**What to work on**. Find the line containing "Book donations for the 2025 sale have begun!" in the records below. Copy exactly that line and each one after it, ending at the line containing "The Used Book", and nothing more.

**Source material**.
-- Opening Marker --
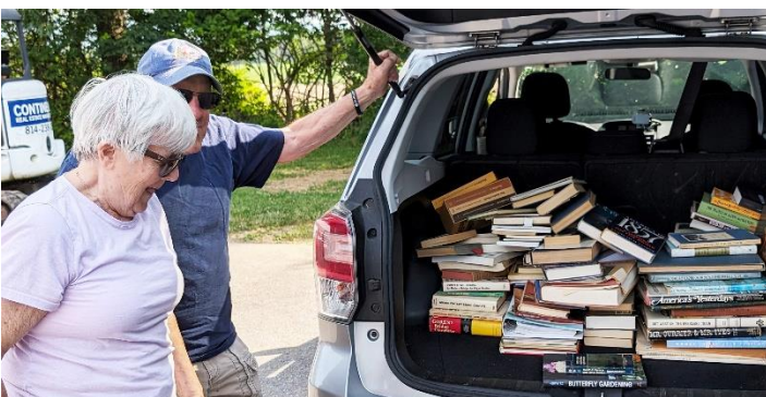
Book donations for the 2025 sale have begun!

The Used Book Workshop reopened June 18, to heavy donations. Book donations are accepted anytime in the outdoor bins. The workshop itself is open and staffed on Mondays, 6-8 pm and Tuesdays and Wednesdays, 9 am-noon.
-- Closing Marker --
-- Opening Marker --
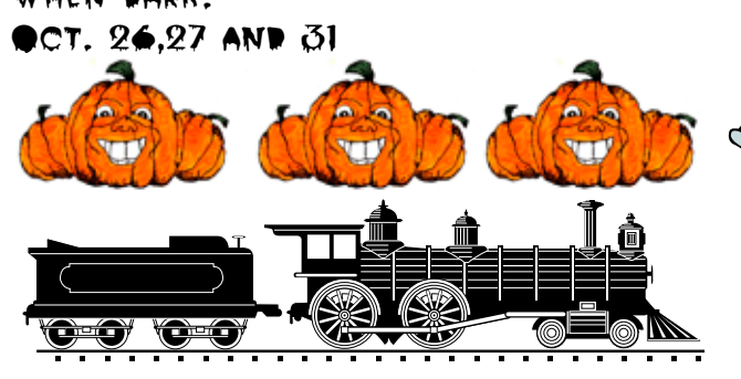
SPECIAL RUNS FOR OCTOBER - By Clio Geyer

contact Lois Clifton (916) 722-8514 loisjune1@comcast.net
-- Closing Marker --
**Solved exercise**.
Book donations for the 2025 sale have begun!

The Used Book Workshop reopened June 18, to heavy donations. Book donations are accepted anytime in the outdoor bins. The workshop itself is open and staffed on Mondays, 6-8 pm and Tuesdays and Wednesdays, 9 am-noon.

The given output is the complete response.